五月に着る着物

五月に着る着物

五月は日差しが強くなり気温も上がりつつある時期です。洋服だとそろそろ半袖にしようか、七分袖にしようか、長袖にしようかと悩む時期でもあります。

洋服と同じ様に着物にも夏用と秋、冬、春用があります。夏用と言われる単衣(ひとえ)や夏着物(薄物とも呼ばれます)、それ以外の時期に着る袷(あわせ)です。

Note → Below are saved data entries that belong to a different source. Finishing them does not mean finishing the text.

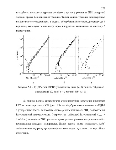 зміною механізму росту тріщини під впливом водню з утомного на корозійно-
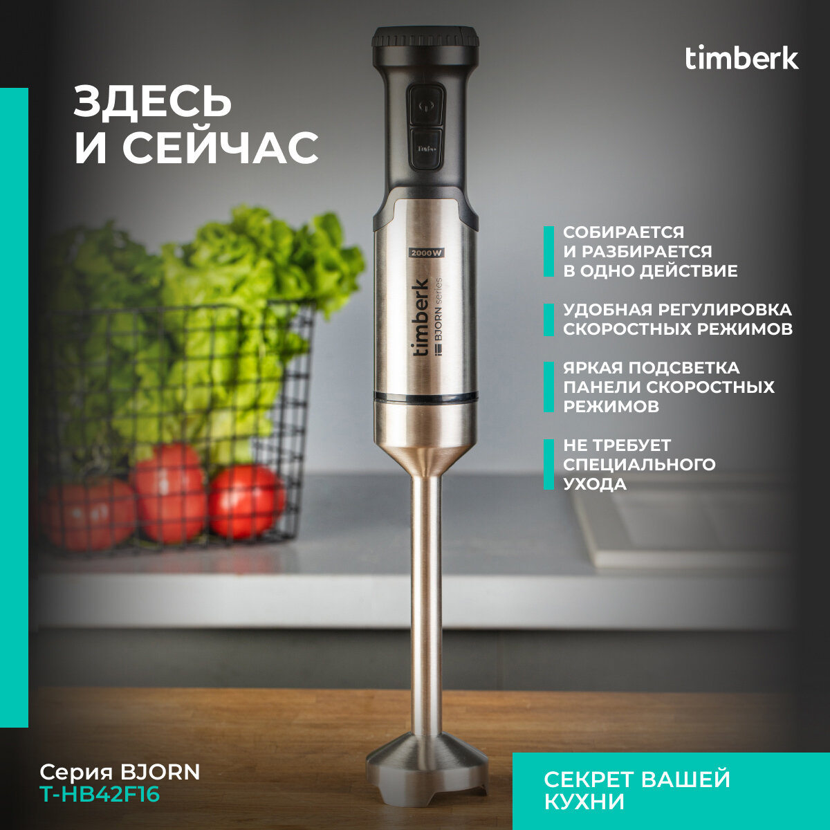 Блендер погружной Timberk T-HB42F16, TURBO режим, 2000 Вт
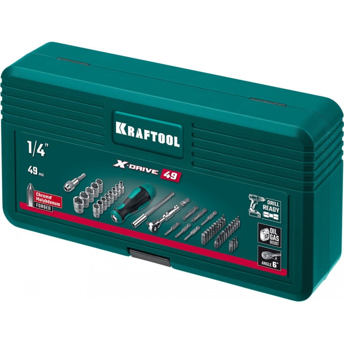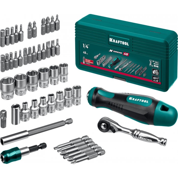 Набор бит и головок с битодержателем и трещоткой X-Drive-49, 49 шт KRAFTOOL 25816
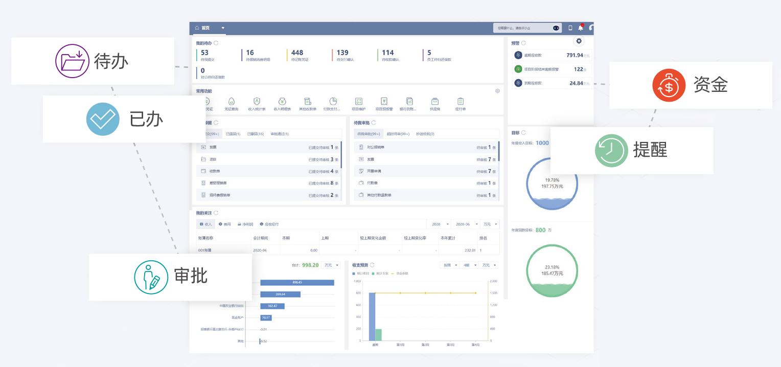 基于角色的个性化配置工作台,待办、已办、审批、目标、资金、预测、提醒等一清二楚。
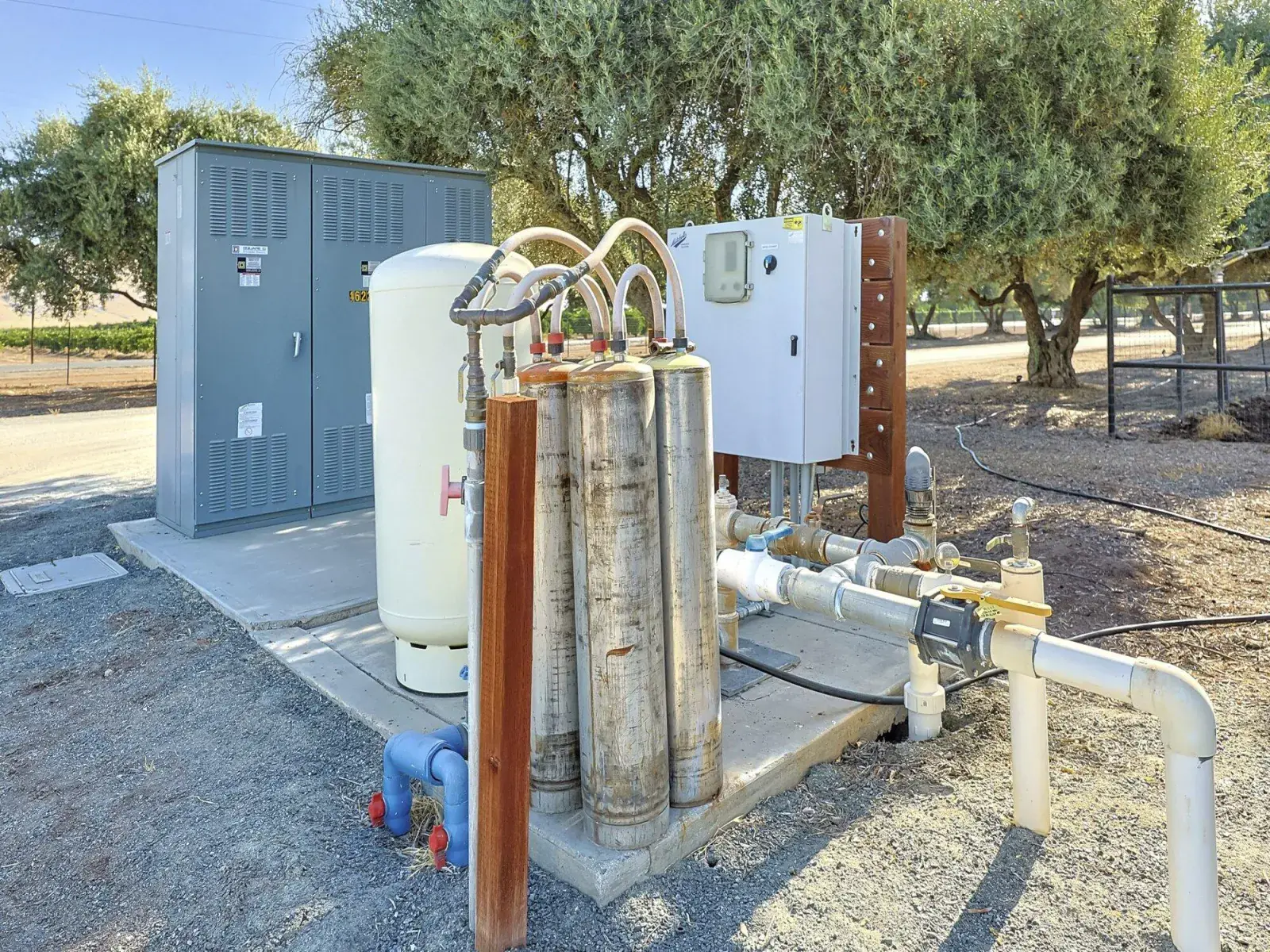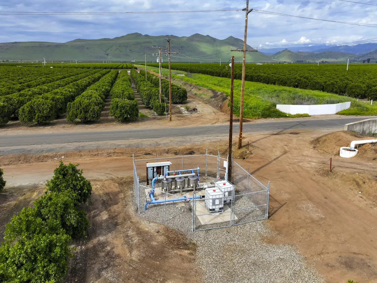 East Well: A pump and filtration system for irrigating citrus trees via micro-sprinklers.
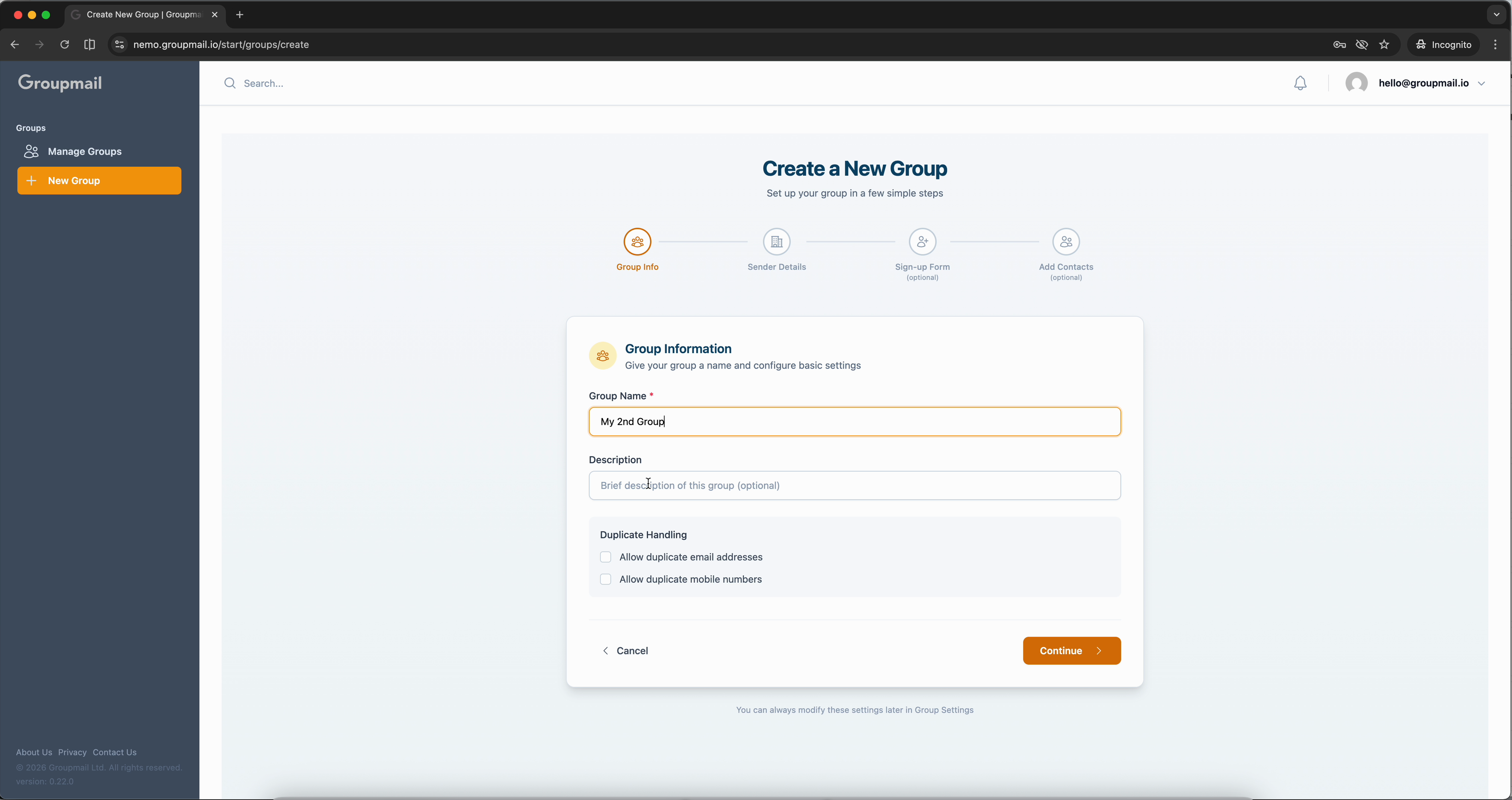 From any page in Groupmail, click Manage Groups in the sidebar under Groups, then click New Group. This opens the group creation wizard.
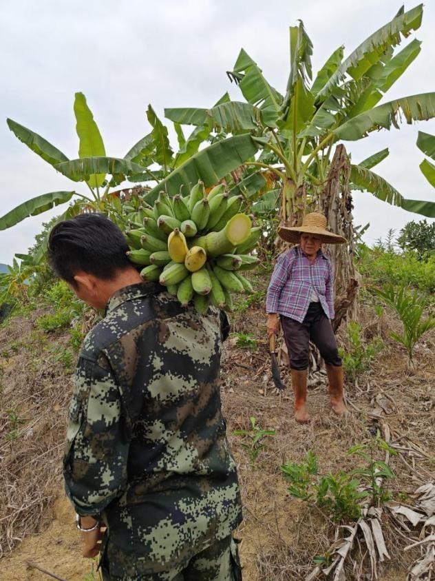 “‘消碳庄园’的芭蕉已经熟了,我给你们摘点尝尝。”黄定和热情爽朗地向我们展示着,手起刀落,“咔嚓”一声脆响,翠绿宽大的蕉叶中,一把沉甸甸的金黄芭蕉落地。
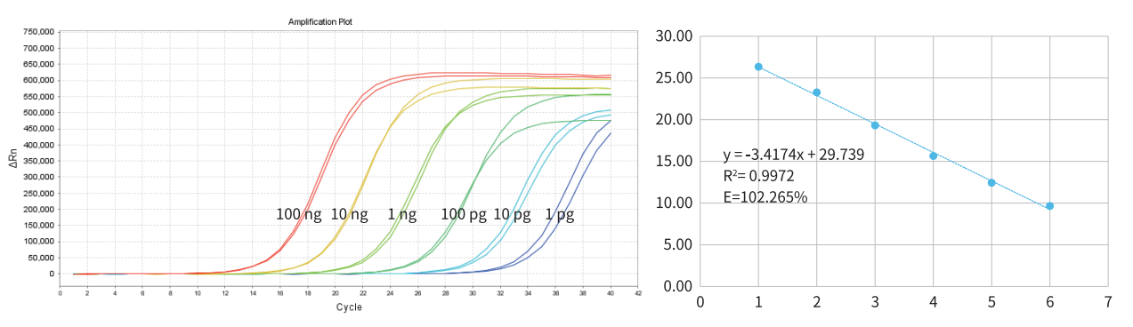 以 100 ng、10 ng、1ng、100pg、10pg、1pg 的小鼠 RNA 為模板,使用 A388 進(jìn)行檢測(cè)。結(jié)果顯示,A388 的檢測(cè)下限可達(dá) 1 pg,且擴(kuò)增效率高

着物のリサイクルショップに行くと、8~9割方袷の着物で、期間的にも夏よりは春秋冬の方が長いので、袷の方が多いです。

袷と単衣、夏着物は何が違うのか、見てみましょう。

袷というのは表地と裏地の二枚の生地を合わせて縫って仕立ててある着物のことです。裏地は八掛(はっかけ)と呼ばれる生地を袖口や裾回しに付けます。よく着物を着ている人を見ると、手首の部分や歩くときに裾がちらっとめくれた時に、違う色の生地が見える部分です。色はこっくりとした深い色や春らしい華やかな色が多いです。柄は、着物は全般にしてですが、春に着るなら桜や藤などの春の草花、秋に着るなら紅葉、撫子などの秋の草花など、季節の草花を少しだけ先駆けたものを着ると「粋」とされています。表地は比較的厚い透けない生地と言われていますが、最近は両方の着物になるように作られている反物が多く、裏地をつけるかどうかで単衣にするか袷にするか、とお店で聞かれることが多いです。

単衣

単衣は日本の季節が変わり目の6月と9月に着る着物です。袷の着物の裏地(八卦)がない仕立てとなっており、袖口や裾は同じ着物の柄や色が見えます。一枚分の生地がないために袷に比べると軽く感じます。柄はやはりその季節に合った草花が描かれているものになり、生地は袷と同じ程度か少し薄めの生地になります。色は比較的明るい色が多いです。

夏着物

夏着物は絽や紗と呼ばれる薄い、透けるような生地に裏地をつけずに仕立てた着物です。一番暑い盛夏と呼ばれる7月から8月に着る着物で、麻や木綿などといった洋服でも夏物の生地に使われる風を通しやすい涼しい生地で作られています。柄は流水や朝顔などの夏の草花や自然が描かれており、色は青や緑などの涼しげな寒色を使ったものが多いです。

五月に単衣を着ること

3つの着物の種類が分かれている理由は、洋服の夏服、冬服と同じで、暑い時にはなるべく涼しく、寒い時には暖かく過ごすためです。

では五月に単衣を着てはいけないのでしょうか。

五月でも暑い日は暑いですよね。2017年5月の最高気温は東京で31℃を記録しています。特にカジュアルな場所には、気温などを考え、暑い日は単衣を着て出かけても問題ないでしょう。逆に、単衣を着るとされている六月や九月に、結婚式などの正式な場所でも、最近は色や柄、着物の格などが問題なければ袷を着て出席する人も増えています。

せっかくの晴れの日ですので、着物に詳しいご親族などの出席者に伺って、問題なければ着ていくことも華やかになり良いと思います。